On August 27th, according to reports, local pension regulators are considering relaxing certain investment restrictions, including gold-backed exchange-traded funds (ETFs). Multiple government and industry sources revealed that pension fund managers met several times with senior officials from the Pension Fund Regulatory and Development Authority (PFRDA) in late July, seeking approval for pension investments in gold ETFs. Reportedly, regulators are not only studying this proposal but have already issued draft guidelines on gold investments to fund companies, soliciting feedback. This development reflects the urgent need among pension fund managers for diversified asset allocation and enhanced returns.
Pension fund managers are pushing for regulatory relaxation primarily to seek higher returns from the growing pool of retirement savings. According to sources, these funds collectively manage approximately $177 billion in assets. They are also requesting relaxed rules for Real Estate Investment Trusts (REITs) and Infrastructure Investment Trusts (InVITs). Under the current regulatory framework, gold, real estate, and infrastructure are classified as alternative assets, with each pension fund limited to a maximum 5% allocation in these categories. This allocation limit appears overly rigid in the current environment, failing to fully leverage the hedging and appreciation functions of gold and other alternative assets.

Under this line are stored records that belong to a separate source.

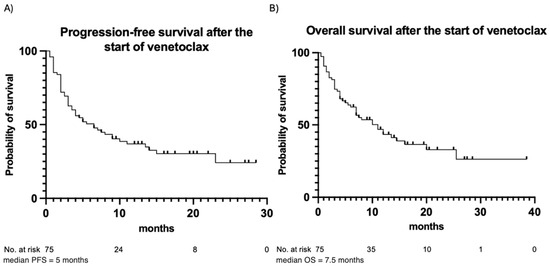 GraphPad Prism version 10 was used for statistical analyses and the graphical representations of the data. PFS was defined as the time from the first dose of venetoclax to the occurrence of progression, loss of follow-up, or death. OS was defined as the time from the start of venetoclax therapy to the date of death. Both PFS and OS curves were generated using the Kaplan–Meier method, with statistical significance assessed using the Mantel–Cox test and the Gehan–Breslow–Wilcoxon test. Categorical data were analyzed using Fisher’s exact test, and parametric data were evaluated using the unpaired t-test. Multiple regression analysis was conducted to explore statistical correlations between several independent variables and a single dependent variable. The following variables were included in the analyses: sex, age, European LeukemiaNet (ELN) risk stratification, French–American–British (FAB) classification, AML cytogenetics, selected molecular alterations, peripheral blood counts, and parameters related to venetoclax treatment (number and duration of cycles, dose, combination with HMA or LDAC, dose reductions, and selected co-medications), tumor responses, as well as time to progression and death. p-values were rounded to two decimals, and values below 0.05 were considered statistically significant. Percentage results were rounded to whole numbers.
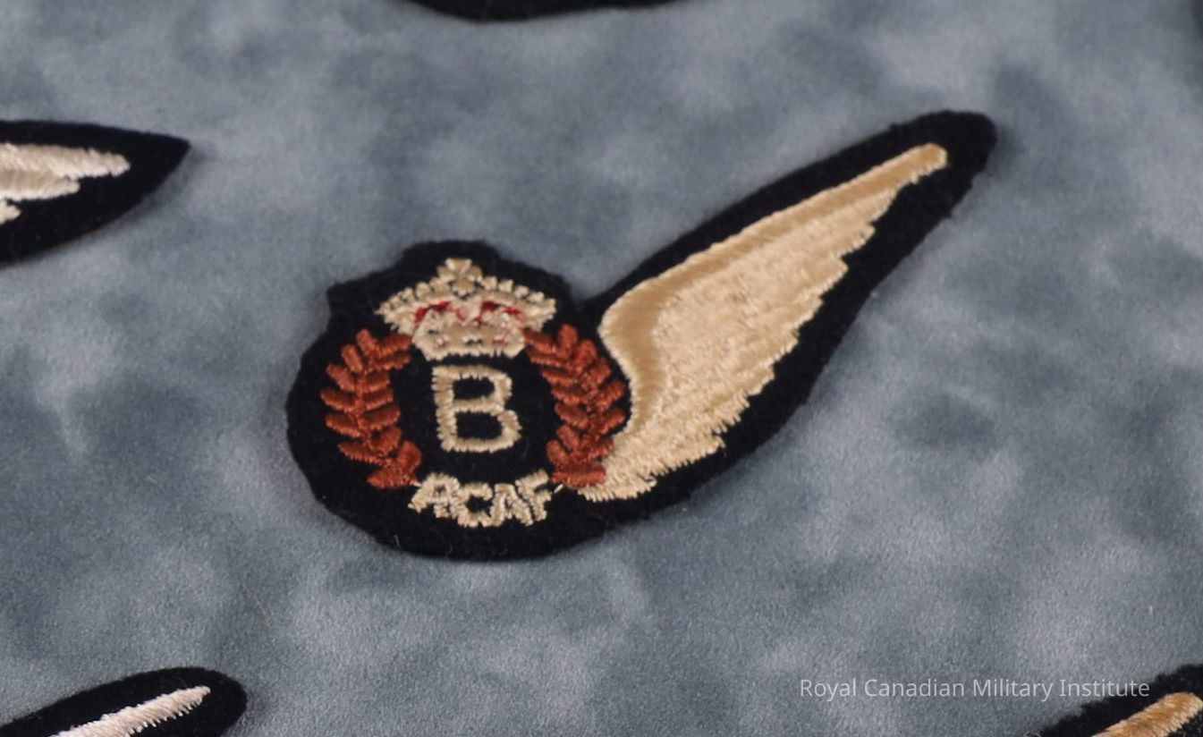 1943-1945 Royal Canadian Air Force Bomb-Aimer's qualification wing badge. Red/white cotton King's crown atop white cotton letter "B" surrounded by brown cotton wreath. At bottom are white cotton letters "RCAF." Angled upswept single feathered wing. Unpadded. No linen or paper backing.Made/Created
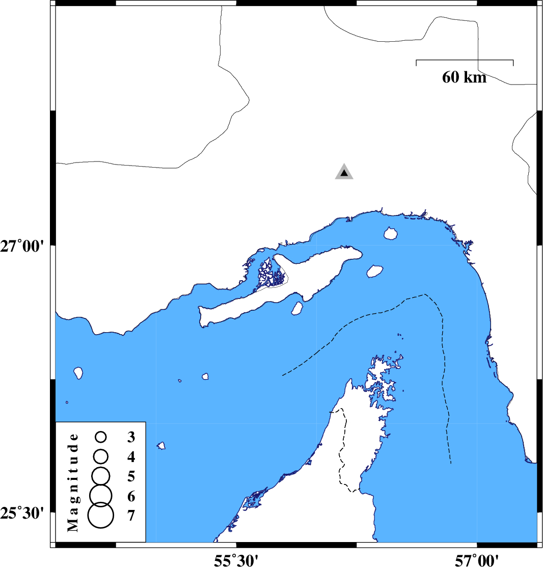 | 2018/05/05 | 18:13:56.1 | 22:43:56.1 | 26.83 | 55.873 | 19 | ML3.7 | Persian Gulf, 41 km South-West of Qeshm |
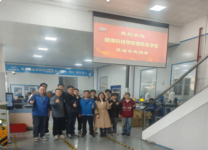 本网讯:3月31日,为深入推进产教融合,拓宽员工就业渠道,提升人才培养质量,今天下午,智能制造现代产业公司照耀齿轮班师生一行9人赴赣州刀父科技公司开展参观学习考察交流活动。此次活动旨在搭建校企深度合作桥梁,实现教育资源与产业需求的精准对接。
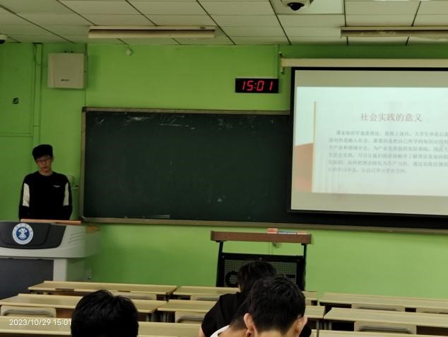 此次活动分为三部分,第一部分是“社会实践活动分享”,刘昌泰宇同学给大家分享了贯彻落实党的二十大精神,学习实践科学发展观的社会实践活动,引人入胜。第二部分是“社会实践活动tips”,刘昌泰宇同学给大家介绍了社会实践活动的内容及相关要求,为同学们后期社会实践活动进行指导。第三部分是“暑假生活分享”,李涛同学分享了他暑期参加支教活动的感受。
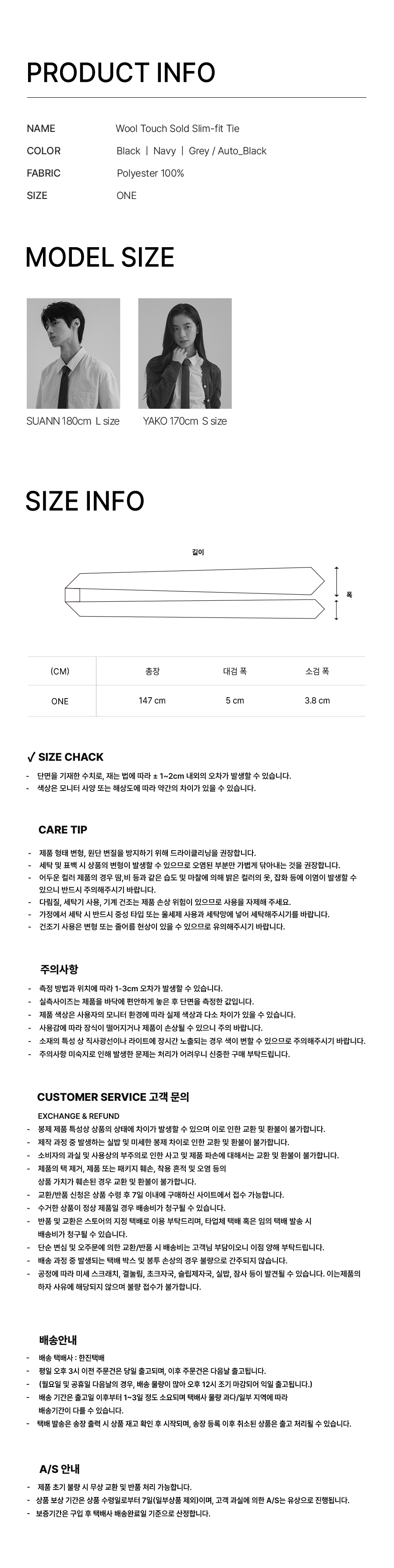 울 터치 솔리드 슬림핏 타이_3colors (자동/수동)

Data shows that local pension fund total assets have grown more than threefold since the pandemic, benefiting from economic expansion and increased financial system participation. Industry insiders added that fund managers have been advocating through industry associations in recent months for relaxed investment restrictions regarding securities maturity and ratings, but regulators have yet to make a final decision. A senior official from the pension regulatory authority declined to comment on this matter.
Data indicates that gold ETFs have shown particular appeal this year, with several of the largest gold ETFs - including Nippon India ETF Gold, SBI ETF Gold, and HDFC Gold ETF - posting gains of nearly 30% in 2025 to date. Currently, the pension system is primarily divided into four investment categories: equities, corporate bonds, government bonds, and alternative investment funds, with the latter including REITs, infrastructure trusts, and gold ETFs. If pension funds lift the 5% allocation restriction on gold ETFs, the gold investment sector could experience a new period of explosive growth.
World Gold Council data shows that local gold ETFs experienced net inflows for the third consecutive month in July. Research head Kavita Chacko noted that global policy uncertainty and geopolitical tensions are the primary driving factors. However, July's net inflow dropped to 12.6 billion rupees (approximately $146 million), down 41% from June, though still 34% higher than the 2024 monthly average. She added that this positive trend continued through the first two weeks of August.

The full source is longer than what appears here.